My idea is to purchase a muzzle, simply from stopping him to successfully snatch a ball from another dog and thus rewarding himself for his misbehaviour. I also think this may teach him self control and that he will eventually learn that he is not allowed to take from others. When he wants to play with other dogs I also think that the muzzle will put other owners minds at rest because of his crazy murderous vocalisations and obviously teach him even more bite inhibition and what is suitable for different dogs. It will also ensure the safety of the particular dog he dislikes because his mouthing gets a little harder towards that particular dog than he would normally use when playing. I'd like you to give your opinions on this, I am always wanting to hear off the experts because I'm only 17, I need your wisdom haha.

I have also found that when he passes an unfamiliar dog his tail goes up and bristles and he keeps high interest on that animal. Sometimes he will give a couple of unsure barks and sometimes he will approach them with a small growl (but no teeth) and pull towards them insisting he greets them. If a dog just so happens to run up he will behave as described above but then begin to relax after a few seconds and you can tell him to sit/lie down and he'll voluntarily roll on his side for a belly rub! I have tried de sensitising him to stranger dogs by walking sideways to them instead of head on, not allowing them to greet but to simply join the walk as a pack as well as toy and food distractions. All seems to be going brilliant.  Could any of you explain to me what is meant by his behaviour? Is it anxiety? Aggression? Dominance?

Thankyou. 

ps: 'Leave it' command only works with food, other toys and balls that are not in risk of getting played with by another dog.
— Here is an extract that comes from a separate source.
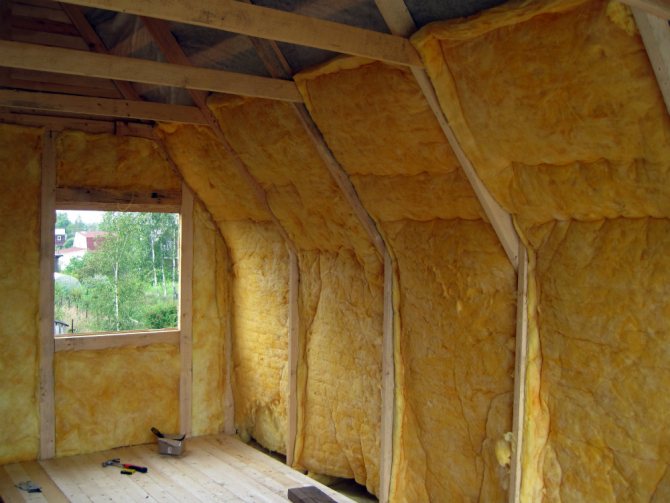 - Glass wool Is the most famous and popular product of modern building insulation technologies. The prime cost of a running meter is low, and the quality indicators are very high - it retains its original properties for a long time, if all laying conditions are fully observed. Produced from quartz mineral stone by the finest splitting under special thermal conditions. In fact, this is a very economical and at the same time high-quality insulation, and the latest technologies have saved the cotton cloth from harmful glass impurities, but not all manufacturers accurately follow the process technology, therefore, there may be residual effects of poor quality mineral wool in terms of environmental indicators. But for safety reasons, it is better to wear gloves and a protective suit. It is convenient to work with it - the products are supplied in rolls of the required length, low weight indicators will allow you to easily insulate the house even alone.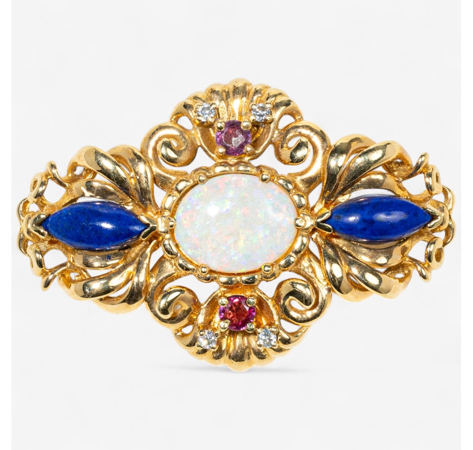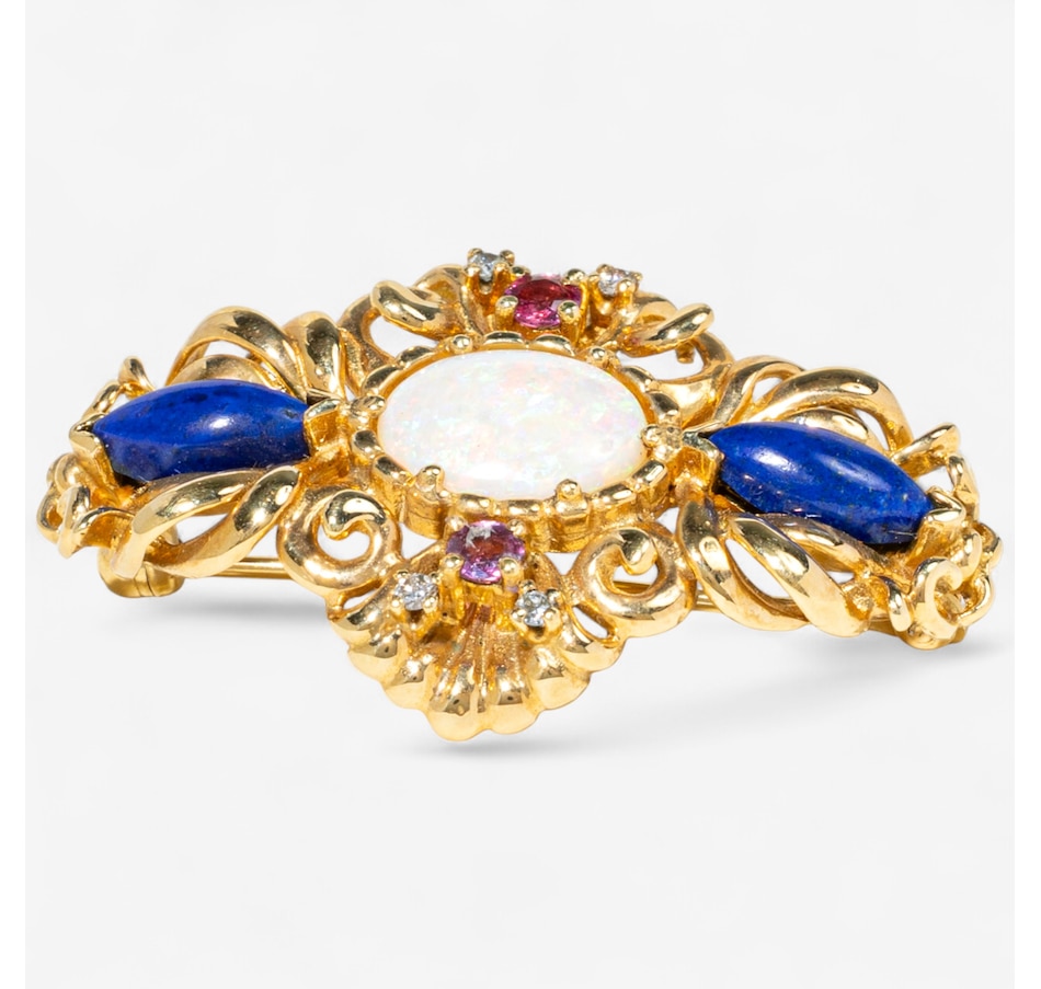 18K Yellow Gold Opal, Lapis Lazuli, Pink Sapphire and Diamond Brooch

If another dog has a ball leave it will not work he is in such an excitable state of mind. :help:


----------



## ayoitzrimz (Apr 14, 2010)

how old is your dog? sounds like a drivey puppy that's getting away with the misbehavior and hasn't learned to control it yet.

A muzzle often times causes more problems than it solves - and especially since this is not a human aggression issue why put the dog through it? Some dogs will barely notice it is on while others will be miserable. 

Do you have any trainers in the area you can consult? Sounds like a training issue if he's an adult or simply a drivey pup who hasn't learned to contain himself and be obedient while in an excited state. 

Adding in: putting a muzzled dog in a dog park with lots of dogs is a recipe for disaster...


----------



## BlackthornGSD (Feb 25, 2010)

Where are you taking him to play? Are you at a dog park?

How old is your dog?


----------



## tessthebear (Dec 11, 2011)

He is 14 months old. 

We had one trainer that was readily available and we took him to classes over a course of months. However it wasn't really that good as it was around 25 dogs per class and he became highly anxious barking and whimpering. The separated aggressive dogs tended to air snap at him as he walked past and well, he simply wouldn't listen because he was to overwhelmed. It focused more on tricks and basics than what we really needed. By the end of it all he always had a dickey tummy on the floor because of nerves. Others I'm not to sure about/have heard of. It's a money issue at the minute though so I'm trying to look for alternatives for myself. 

In the UK we don't have dog parks, well not in my area anyway! At the most he meets around five dogs on his walks per day, same dogs, same time every day. I only walk 'as a pack' with two of them. However one of these dogs is in need of some serious weight loss and needs exercising with the tennis ball and thrower thing you get so I put him on the leash but his frustration levels are high when he can't get what he wants and he jumps about like a frantic wild pony.


----------



## sitstay (Jan 20, 2003)

A muzzle would stop him from being able to get the ball into his mouth, but maybe not from being obnoxious with the other dog about wanting the ball. That would be my concern in using a muzzle in this situation.
Sheilah


----------



## Ares0311 (Apr 26, 2012)

Sit, stay is right. I muzzle my Shepherd because she has human aggression issues and dog aggression issues. When she has it on, she still tries to pick up sticks or balls to play, its actually really sad to watch because she doesn't understand why she cant get it. Which can lead to frustration, which can lead to fights. And as ayoitzrimz stated, a muzzled dog in a dog park can be bad news. 

If you do get a muzzle check out the







Baskerville Muzzle. And make sure you spend the time and effort to train your pup to accept the muzzle. My dog thinks the muzzle is a treat dispenser and car ride generator  


P.S. Never let your dog out of your sight with the muzzle on.


----------